The court next scrutinized the wording of the provision titled “confidential information,” which obligated Henderson, inter alia, not to disclose any confidential information relating to her employer’s business. The clause listed a wide range of items that Henderson was not allowed to disclose, which included “office forms” and “instruction sheets.” Notably, the clause prescribed the penalty for its breach, stating: “in the event that you breach this clause while employed by the Employer, your employment will be terminated without notice or compensation in lieu therefore, for cause.” In essence, the confidentiality provision was an extension of the “termination with cause” provision. As such, the scope and wording of the clause must have been limited to: “wilful misconduct, disobedience or wilful neglect of duty that is not trivial and has not been condoned by the employer,” as mandated by s. 2(3) of the Regulation 288/01.

Ultimately, the court correctly determined that the confidentiality clause was ambiguous, because it was not clear in what circumstances the disclosure of confidential information may occur without immediate termination for cause. It explained that one can conceive of a situation where confidential information may have been inadvertently disclosed in a manner that was not wilful or where the breach was trivial, thereby not breaching s. 2(3) of the Regulation 288/01. Wilful misconduct involves an assessment of subjective intent, almost akin to a specific intent in criminal law.

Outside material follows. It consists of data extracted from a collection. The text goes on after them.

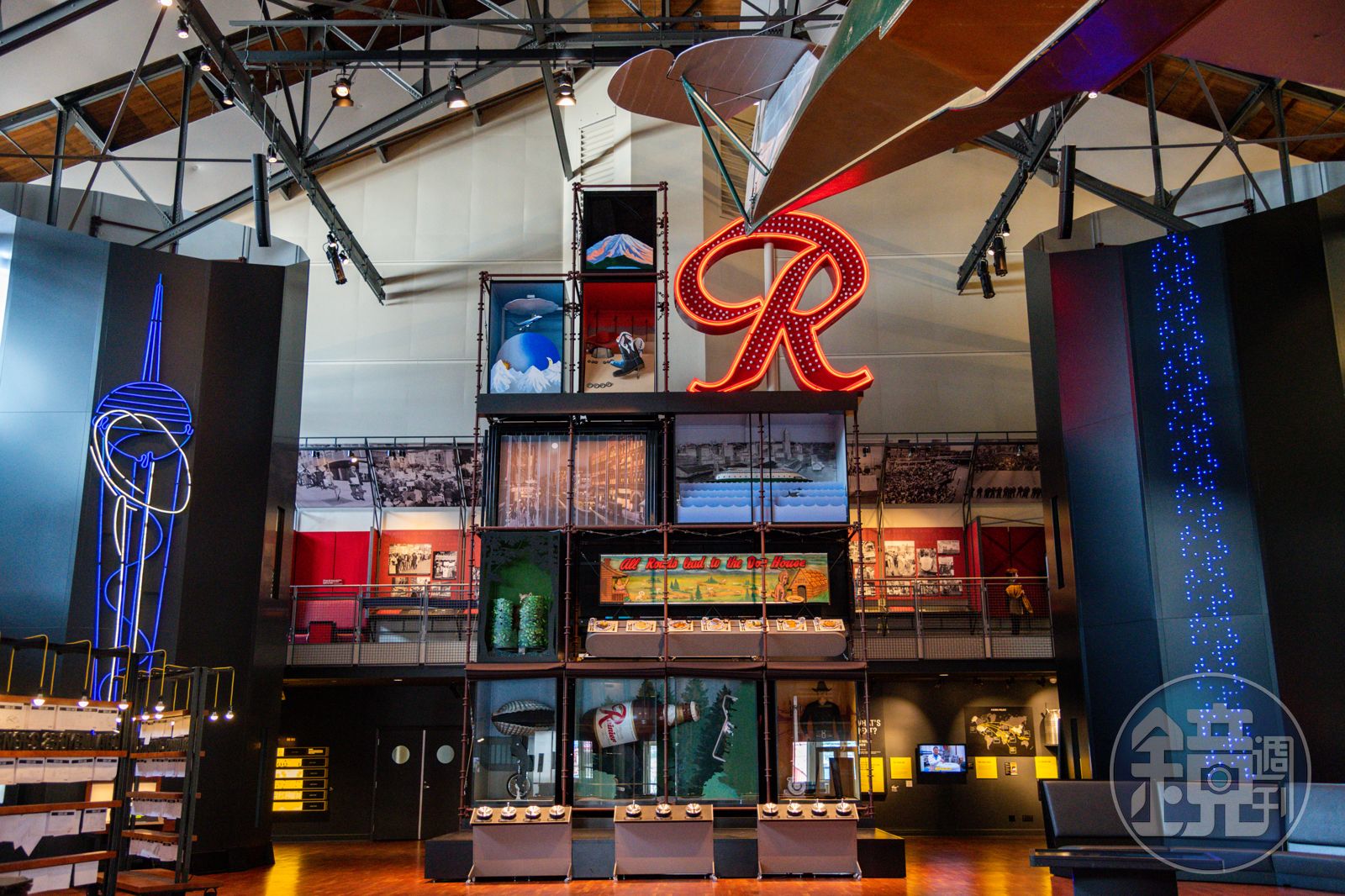 從外頭走進去,挑高的展場上空吊著一台老飛機,還有一台大型遊戲機,搖動轉盤就會叫出西雅圖過去的某一段歷史,設計樸實復古卻相當有趣,每個進門的遊客都忍不住動手玩上一輪,寓教於樂地講述著過往的西雅圖故事。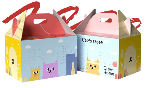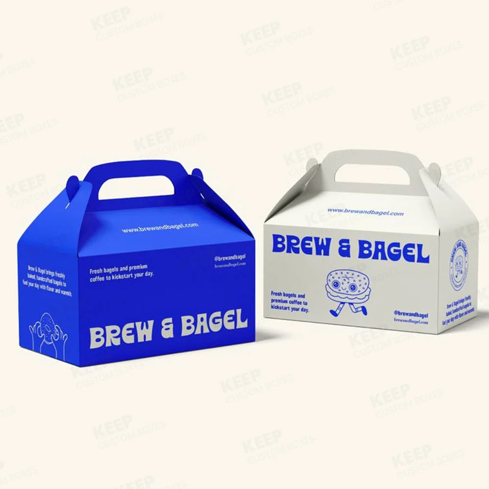 Gable boxes are the perfect blend of convenience and visual appeal, making them ideal for takeout, gifts, and retail packaging. Our custom gable boxes feature a sturdy structure with a built-in handle, making products easy to carry while showcasing your brand. Fully customizable in size, color, and design, these boxes turn every package into a memorable experience. With durable materials and high-quality printing, our gable boxes protect your products, enhance presentation, and make every delivery or gift feel special.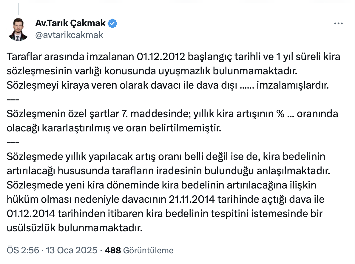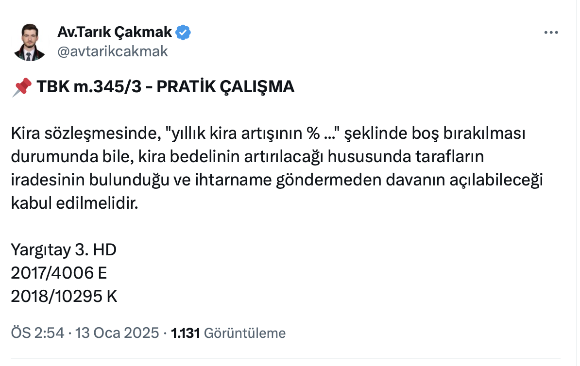 Avukat Tarık Çakmak resmi sosyal medya hesabı üzerinden yaptığı paylaşımda kira sözleşmesinde, "yıllık kira artışının % ..." şeklinde boş bırakılması durumunda bile, kira bedelinin artırılacağı hususunda tarafların iradesinin bulunduğu ve ihtarname göndermeden davanın açılabileceğini belirtti.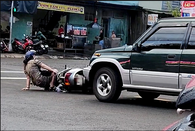 Trước đó, khoảng 16 giờ 45 phút ngày 10-10, tại ngã tư đường Đinh Tiên Hoàng và Phan Đình Phùng (phường Pleiku, Gia Lai), xảy ra vụ va chạm giữa ô tô 5 chỗ 81A 422.41 với một xe máy.

Henderson serves as a useful reminder that it is irrelevant whether the termination provisions are found in one place in the employment contract or separated, or whether the provisions are by their terms otherwise linked or entangled in any way. It also reaffirms that it is of no moment that the employer did not rely on an illegal termination or confidentiality clause, because it may nonetheless gain the benefit of the illegal clause. Henderson is a stark example of the mischief associated with an illegal confidentiality provision and gains to the employer. Nevertheless, the proper analytical approach on the issue of the enforceability of the termination clause remains the same, which is whether the termination provision in an employment agreement read as a whole violates the ESA. The courts are obliged to determine the enforceability of the termination provisions as of the time an employee executed an employment contract, and by scrutinizing the wording of the impugned clause alone.